# Void Petaminx



## Sa967St (Oct 20, 2010)

Sky Zangas asked me to post this here for him:

[8:52:41 PM] Sky: "As many of you may know me and will recently made a void gigaminx, after it being such a success we wanted to bury the joke
We didn't have the money to do teraminx so we just jumped to petamimx.
The puzzle with more turning continues to improve and is now finger trickable 
Enjoy the video and pic."
[8:53:02 PM] Sky: http://twistypuzzles.com/forum/viewtopic.php?f=15&t=19197&p=233037#p233037


----------



## TheMachanga (Oct 20, 2010)

...

EDIT: They didn't have money for teraminx, but they did for petaminx?


----------



## CubesOfTheWorld (Oct 20, 2010)

My guess is that they wanted to do both the teraminx and petaminx, but they didn't have enough money for both, so they just did the one that would shock people more.

OnT: Very unique.

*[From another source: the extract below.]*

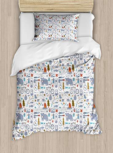 Lunarable Lunarable Camping Duvet Cover Set, Cartoon Bear Tent and Compass Outdoor Hobby Theme Hiking Doodle, Decorative 2 Piece Bedding Set with 1 Pillow Sham, Twin Size, Vermilion Bluegrey

I'm surprised that he made his own _void_ petaminx before he even made his own regular petaminx. Very impressive.


----------



## That70sShowDude (Oct 20, 2010)

Saw this earlier and it is awesome.
Good job Sky.


----------



## uberCuber (Oct 20, 2010)

That is frickin crazy


----------



## StachuK1992 (Oct 20, 2010)

"Princeton? Princeton."
"I just finished dieing."  I guess no Princeton. 

But really, great job! And make a SpeedSolving account already.


----------



## LewisJ (Oct 20, 2010)

In the first video, his hand is a right hand.
In the second video, his hand is a left hand.
What.


----------



## Sa967St (Oct 20, 2010)

LewisJ said:


> In the first video, his hand is a right hand.
> In the second video, his hand is a left hand.
> What.


 
The first video is mirrored, his right hand is missing fingers.


----------



## dimwmuni (Oct 20, 2010)

Void Examinx next? Or is that a little ridiculous.


----------



## uberCuber (Oct 20, 2010)

dimwmuni said:


> Void Examinx next? Or is that a little ridiculous.


 
i want to see a regular examinx first


----------



## qqwref (Oct 20, 2010)

This is pretty ridiculous. And I always thought "void petaminx" was just a joke.


----------



## dimwmuni (Oct 20, 2010)

qqwref said:


> This is pretty ridiculous. And I always thought "void petaminx" was just a joke.



Yeah I saw this thread and thought it was a joke, but I was surprised that one existed.


----------



## skza34 (Oct 20, 2010)

Ok finally got a speed solving account (cooldayr was taken for some reason?)
Oh well anyway I will sticker this as soon as my custom stickers arive 

Yes my right hand is effected 
Yes the puzzle is awesome 

And watch out cuz a few my go for sale and in about 2 weeks I will show this puzzle has a nice little twist to it


----------